Suppose $A$ is a complex Hermitian matrix which then can be expressed as
$A = B + iC$
for $B$ and $C$ are real matrix.
I have proved that $A$ is Hermitian iff the following matrix $M$ is symmetric:
$$
M =
\begin{pmatrix}
B & -C\\
C & B
\end{pmatrix}
$$
let $\lambda $ be an eigenvalue of $A$ then is $\lambda$ also an eigenvalue of $M$?
My first approach was the following:
since I proved that $M$ is symmetric and wants to show that the eigenvalue of $A$ is also an eigenvalue of $M$, I got some ideas from here and here.
Since the $det(M) = |det(B+iC)|^2 = |det(A)|^2$ and we also know that the determinant is a product of eigenvalues,
$det(A) = \lambda \Delta$, (where $\Delta$ is the product of all the eigenvalues of $A$ except $\lambda$)
$\lambda$ has to involve in the $det(M)$. But since $det(M) = |det(A)|^2$, I think it will have $\lambda ^2$ instead of $\lambda$.
I am kind of stuck here and my mind is tunneled right now. Is this whole process wrong or am I missing something?
Best Answer
The map $\phi:M_n(\mathbb{C})\rightarrow M_{2n}(\mathbb{R})$, mapping $X+iY$ to $$ \begin{bmatrix} X & -Y\\ Y & X \end{bmatrix} $$ has the property that for a complex vector $z=x+iy\in\mathbb{C}^n$, we have $$ Mz = \tilde{x}+i\tilde{y} $$ where $$ \phi(M)\begin{bmatrix} x\\ y \end{bmatrix}=\begin{bmatrix} \tilde{x}\\ \tilde{y} \end{bmatrix}. $$ So if $\lambda$ is a real eigenvalue of $M$, then it is an eigenvalue of $\phi(M)$, too.
Edit: To understand what happens to eigenvalues under this map, it is enough to evaluate it on diagonal matrices.
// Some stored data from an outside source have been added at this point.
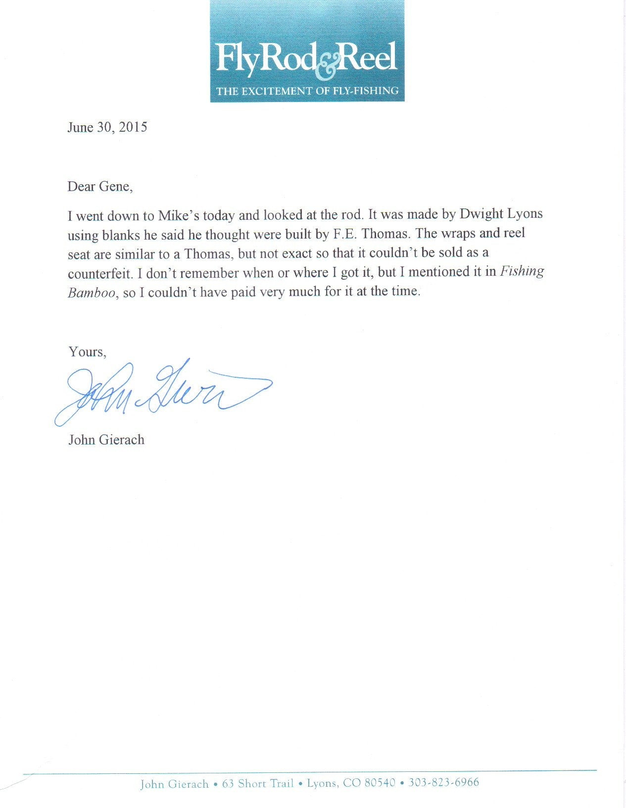 For sale here is a beautiful, classic FE Thomas styled, Dwight Lyons 7'6" 4wt bamboo fly rod. This rod was previously owned by John Gierach and is mentioned on page 62 in his book, "Fishing Bamboo". Mr. Lyons used original bamboo from the Thomas Rod Co.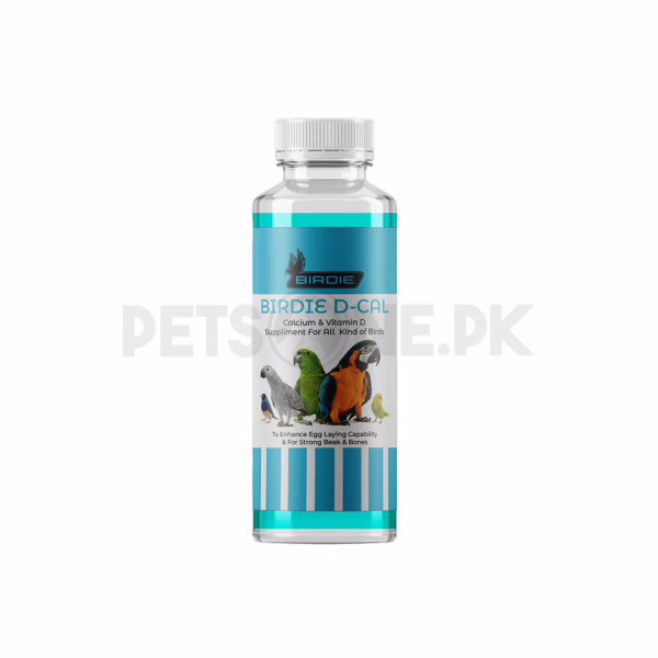 Order Birdie D-CAL – 100ml now from Petsone.pk and help your feathered friend stay strong, healthy, and happy. Fast nationwide delivery available!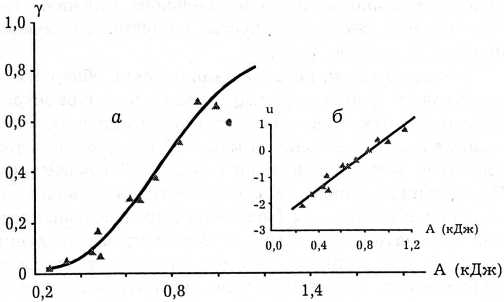 Зависимость степени гемолиза (у) от величины работы расширения газа в ударной трубе (а) и ее линеаризация с помощью функции теоретического нормального распределения (б).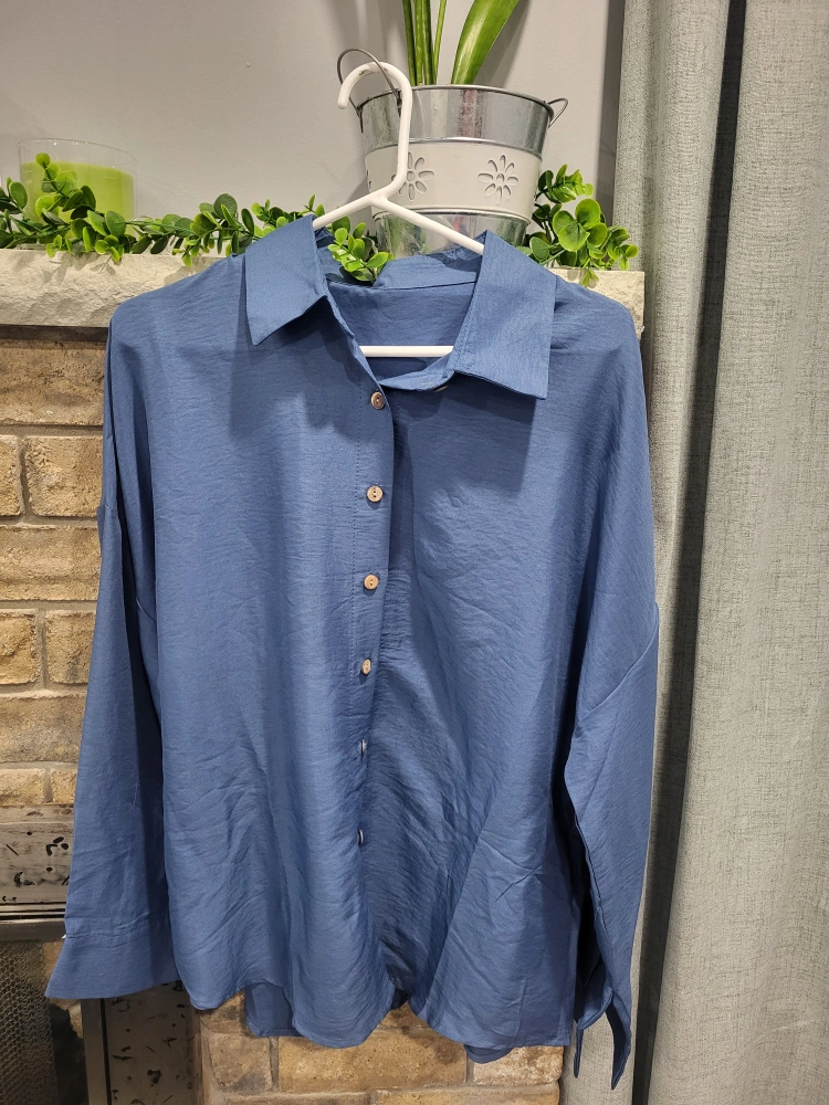 Blue long sleeve button up shirt with a collared neckline. Has a relaxed fit.
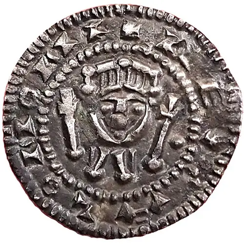Obverse description Head of crowned king in pearl circle; two crosses at the side Letter S is reverse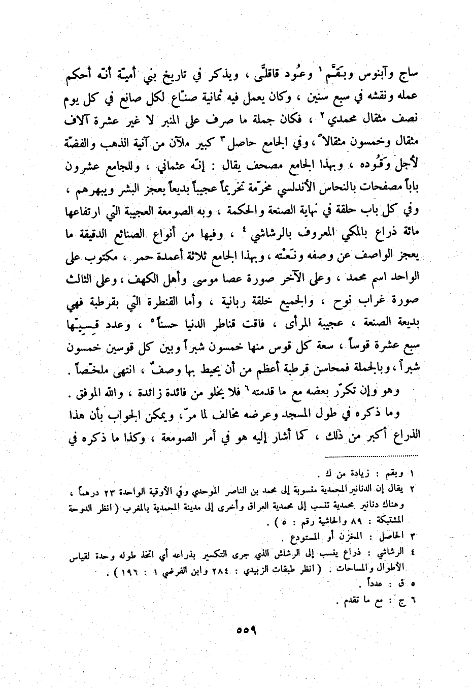 ساج وآبنوس وبقّم (1) وعود قاقلّى، ويذكر في تاريخ بني أميّة أنّه أحكم عمله ونقشه في سبع سنين، وكان يعمل فيه ثمانية صنّاع لكل صانع في كل يوم نصف مثقال محمدي (2) ، فكان جملة ما صرف على المنبر لا غير عشرة آلاف مثقال وخمسون مثقالاً، وفي الجامع حاصل (3) كبير ملآن من آنية الذهب والفضّة لجل وقوده، وبهذا الجامع مصحف يقال: إنّه عثماني، وللجامع عشرون باباً مصفحات بالنحاس الأندلسي مخرّمة تخريماً عجيباً بديعاً يعجز البشر ويبهرهم، وفي كل باب حلقة في نهاية الصنعة والحكمة، وبه الصومعة العجيبة التي ارتفاعها مائة ذراع بالمكي المعروف بالرشاشي (4) ، وفيها من أنواع الصنائع الدقيقة ما يعجز الواصف عن وصفه ونعته، وبهذا الجامع ثلاثة أعمد حمر مكتوب على الواحد اسم محمد، وعلى الآخر صورة عصا موسى وأهل الكهف، وعلى الثالث صورة غراب نوح، والجميع خلقة ربانية، وأما القنطرة التي بقرطبة فهي بديعة الصنعة، عجيبة المرأى، فاقت قناطر الدنيا حسناً (5) ، وعدد قسيّها سبع عشرة قوساً، سعة كل قوس منها خمسون شبراً وبين كل قوسين خمسون شبراً، وبالجملة فمحاسن قرطبة أعظم من أن يحيط بها وصفٌ، انتهى ملخّصاً.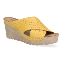 Skórzane klapki damskie na koturnie oddychające Pollonus srebrny brokat/zloty 5-1264-014
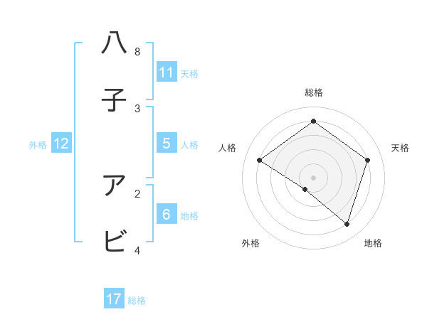 八子 アビさんの総格は17画の4点!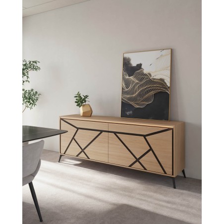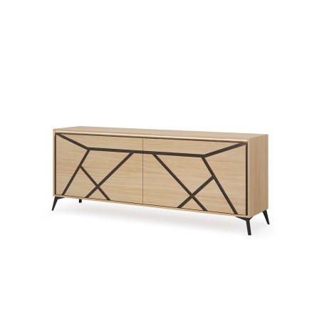 Buffet 2 portes chêne et insert décoratif Fer Zagas Mikadu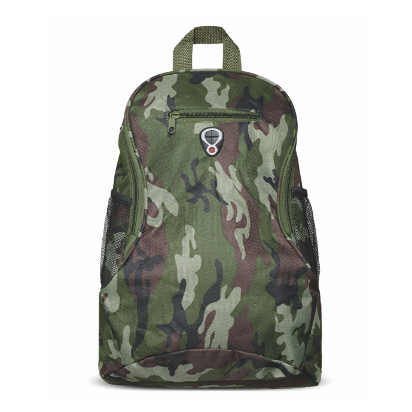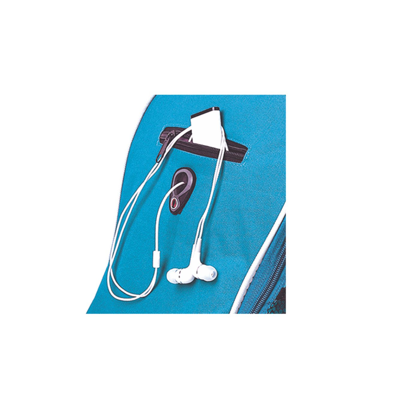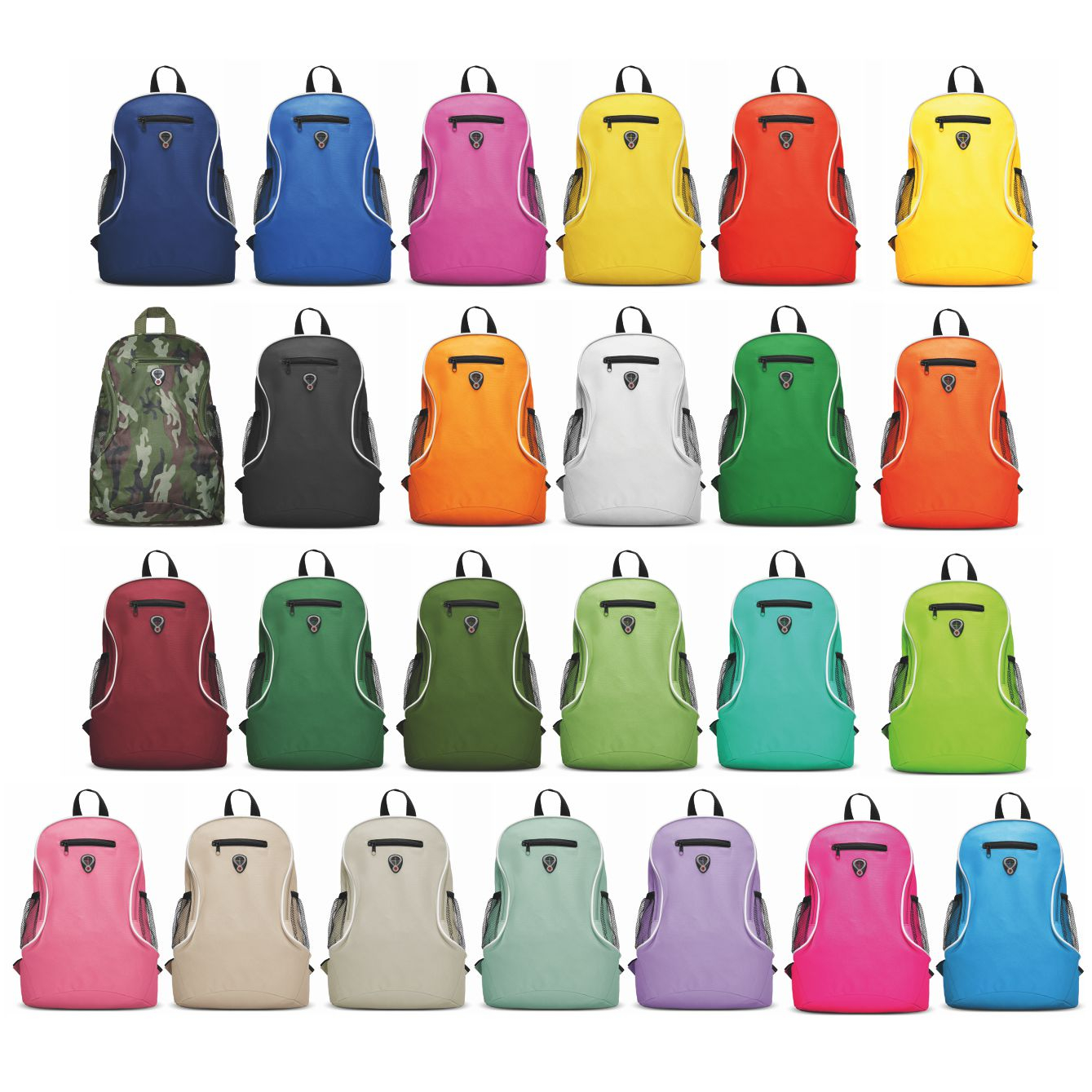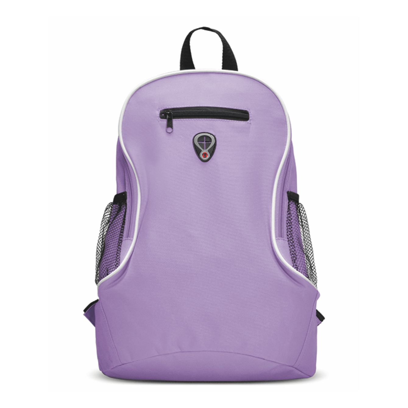 Zaino in poliestere 600D. Chiusura con zip. Tasca frontale con uscita auricolari chiusa da zip. Corredato di manico rinforzato. Tracolle salva spalle regolabili. Taschini laterali a rete. Confezione in polybag. Dimensioni cm. 29x40x17. Imballo: 40xcolore

If $M=diag(\lambda_1,\dots,\lambda_n)$, then there is a $2\times 2$-block in $\phi(M)$ for each $\lambda_i$: If $\lambda_i$ is real, then it is $\lambda_i I_2$. If $\lambda_i=x+iy$ is complex, then the block is $$ \begin{bmatrix} x & -y\\ y & x \end{bmatrix} $$ and this $2\times 2$-matrix has characteristic polynomial $t^2-2tx+x^2+y^2$. Since $y\neq 0$, it has no real roots for any $x,y$.